**TASK OBJECTIVE**:
Could you set down only the lines from the one including "A young woman" to the end of the records below, inclusive and exact, leaving pictures out?

**DATA RECORDS**:
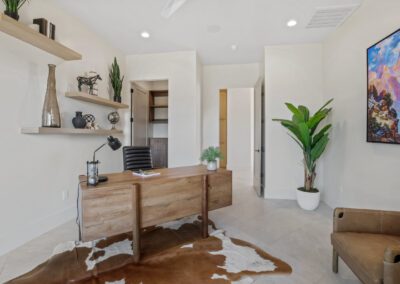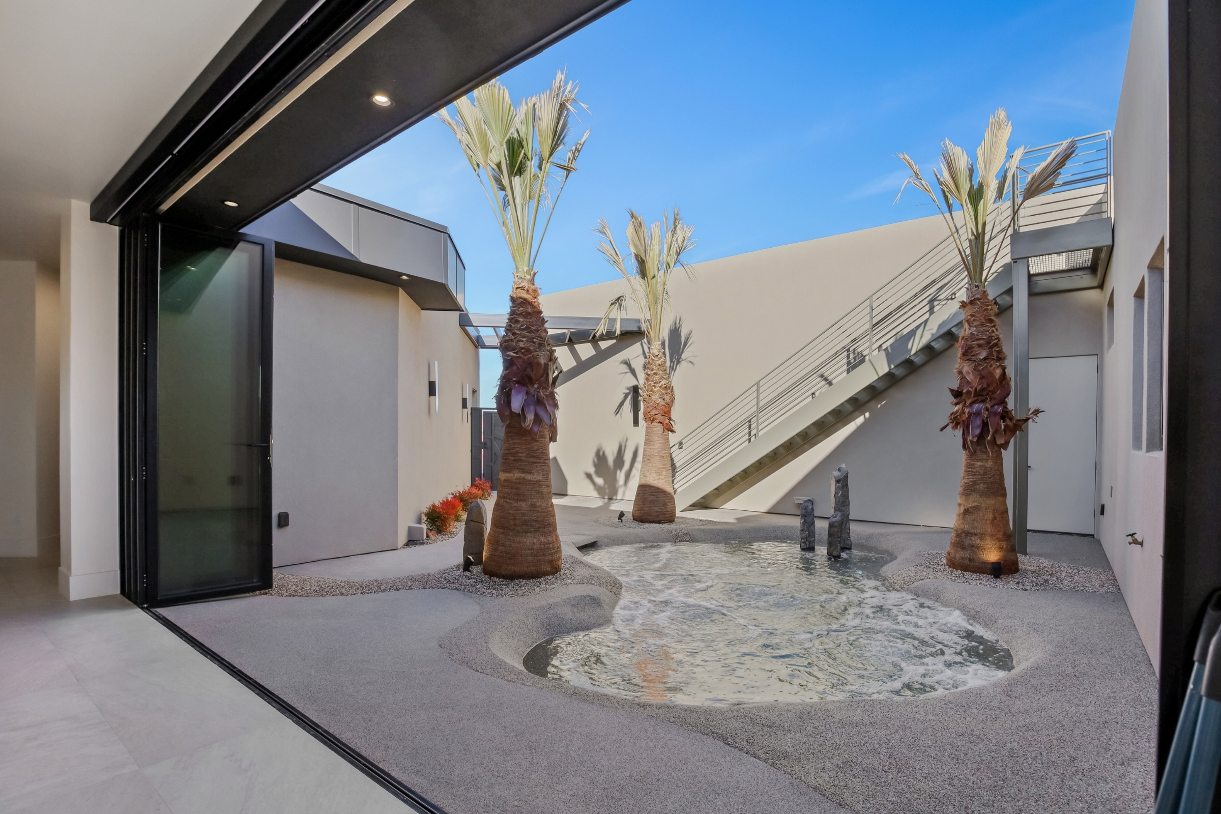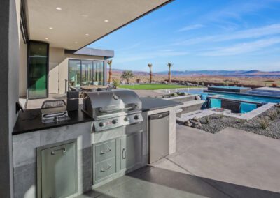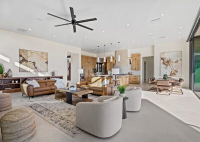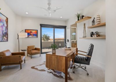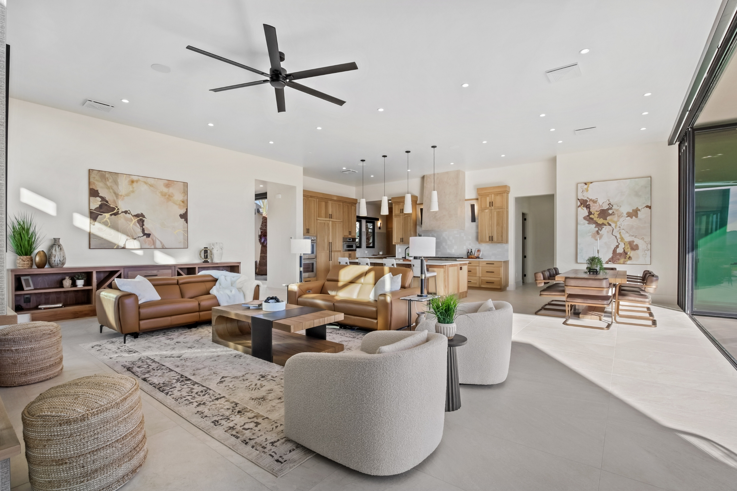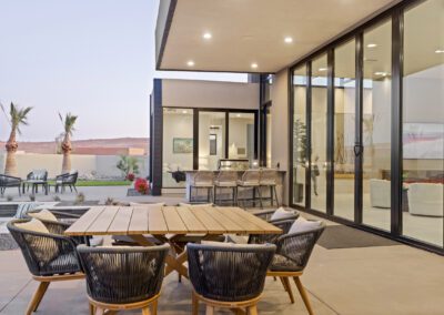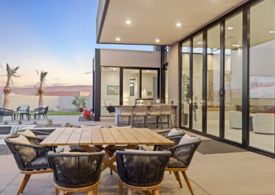 Outdoor living is equally intentional. Covered patios and curated exterior spaces invite you to slow down, breathe, and take in the surrounding landscape—whether enjoying a quiet morning or an evening overlooking the fairways as the light shifts across the desert.
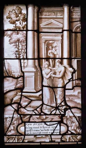 scène mythologique (Psyché, Vénus, vase) ; vue d'architecture (colonne) ; ornementation (être fabuleux)
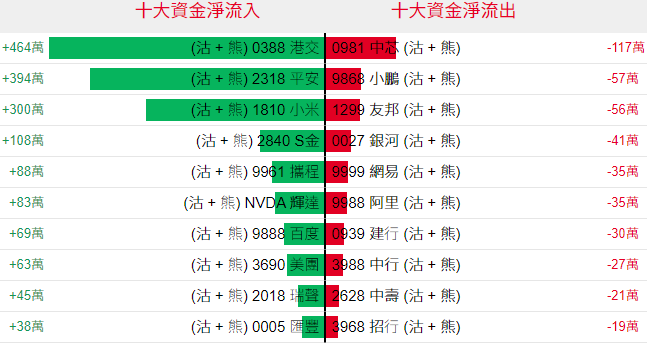 淡仓(认沽证及熊证)方面,近5日合计,港交所相关淡仓录得464万资金净流入,中国平安、小米分别录得394万、300万港元资金净流入部署;中芯国际、小鹏相关淡仓分别录得117万、57万港元资金净流出。
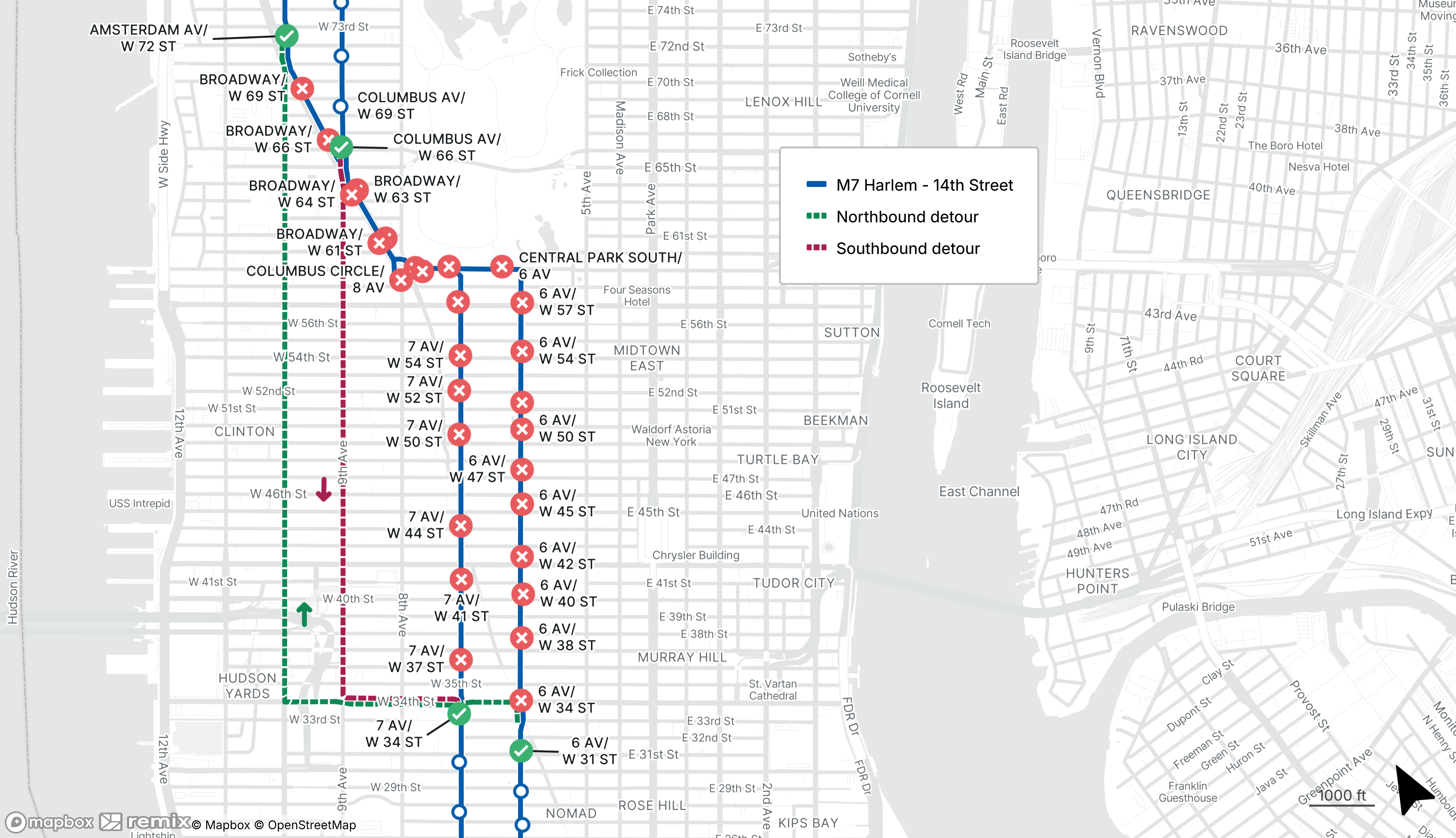 M7 buses will be detoured between Columbus Ave at W 65th St and 6th Ave at W 34th St
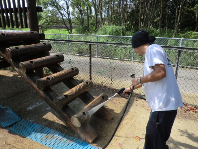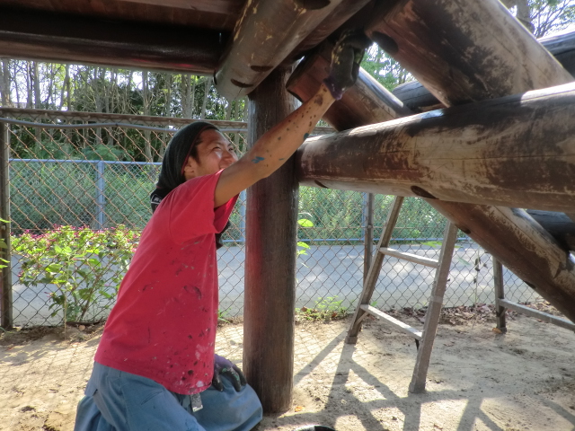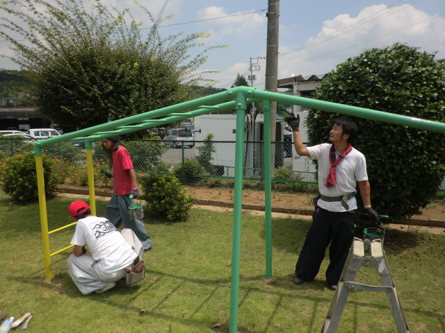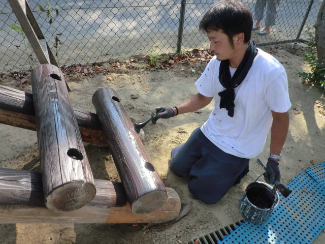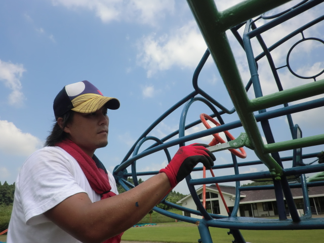 少しでも長く子供達が綺麗な遊具で遊べるように、職人も真剣な眼差しです\(゜ロ\)(/ロ゜)/
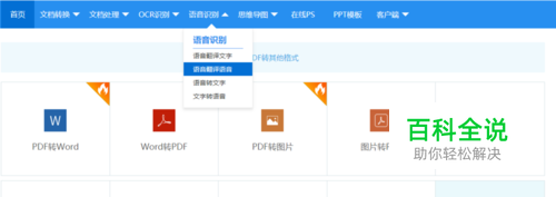 语音在线翻译成语音可以直接进入在线中翻译,点击导航栏中的语音识别,进入到语音翻译语音中;
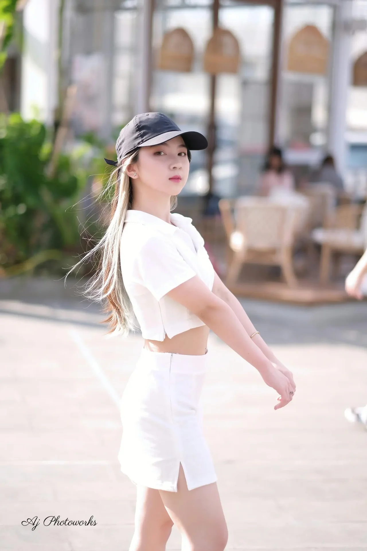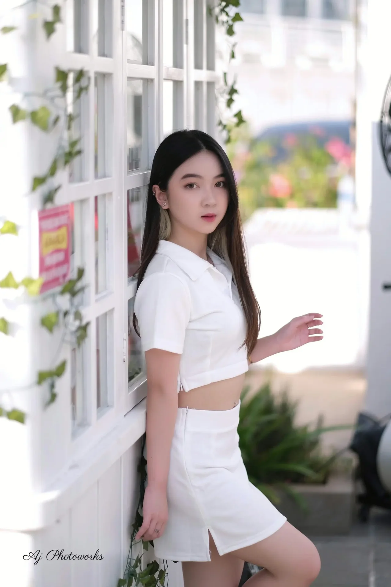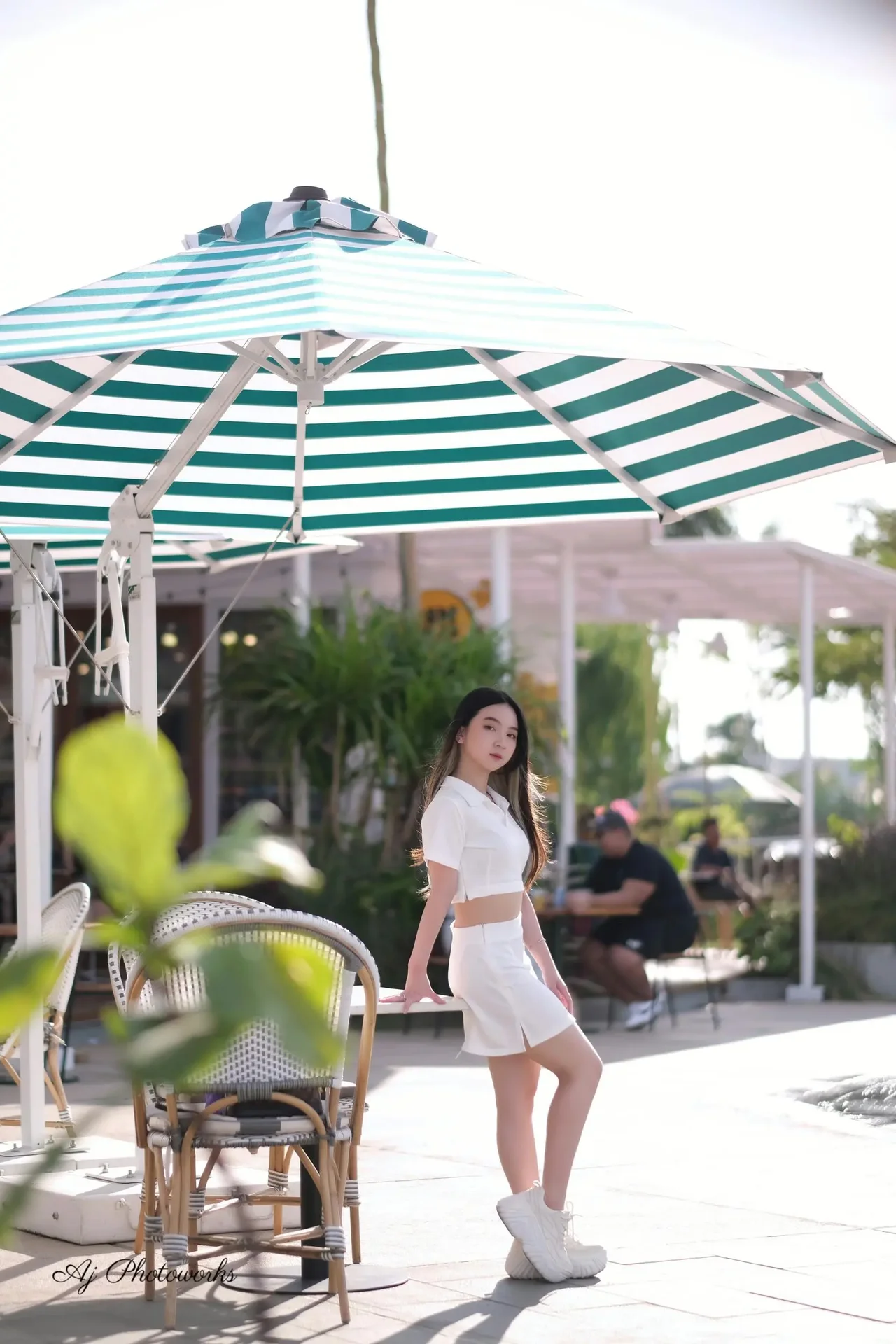 A young woman poses effortlessly in a chic white outfit, blending modern fashion with casual elegance across vibrant outdoor settings.
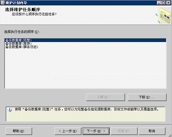 8、點(diǎn)擊【下一步】按鈕:彈出以下【選擇維護(hù)任務(wù)順序】對(duì)話框,如果有多個(gè)維護(hù)任務(wù),在此可以通過【上移】和【下移】兩個(gè)按鈕來設(shè)置維護(hù)任務(wù)的順序,設(shè)置完畢后單擊【下一步】按鈕。
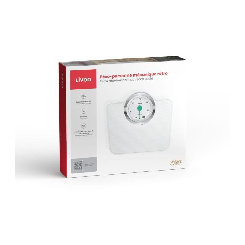 Le pese-personne mécanique rétro LIVOO DOM490 allie charme vintage et performance. Fonctionnant sans pile ni batterie, il offre une capacité maximale de 136 kg avec une précision de 1 kg. Son plateau en métal avec revetement antidérapant assure une utilisation en toute sécurité. Pratique et esthétique, il trouvera sa place dans votre salle de bain.
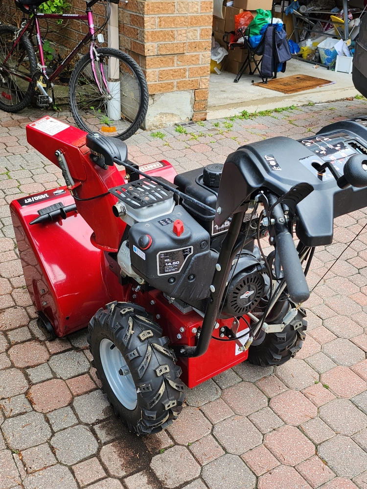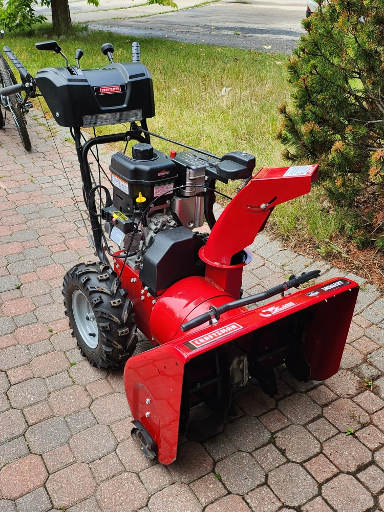 Craftsman 1450/27 red snowblower for winter times on grass or driveway. The blower was only used a few times during the winter and is in good condition.

**SOLUTION**:
 A young woman poses effortlessly in a chic white outfit, blending modern fashion with casual elegance across vibrant outdoor settings.
 8、點(diǎn)擊【下一步】按鈕:彈出以下【選擇維護(hù)任務(wù)順序】對(duì)話框,如果有多個(gè)維護(hù)任務(wù),在此可以通過【上移】和【下移】兩個(gè)按鈕來設(shè)置維護(hù)任務(wù)的順序,設(shè)置完畢后單擊【下一步】按鈕。
 Le pese-personne mécanique rétro LIVOO DOM490 allie charme vintage et performance. Fonctionnant sans pile ni batterie, il offre une capacité maximale de 136 kg avec une précision de 1 kg. Son plateau en métal avec revetement antidérapant assure une utilisation en toute sécurité. Pratique et esthétique, il trouvera sa place dans votre salle de bain.
 Craftsman 1450/27 red snowblower for winter times on grass or driveway. The blower was only used a few times during the winter and is in good condition.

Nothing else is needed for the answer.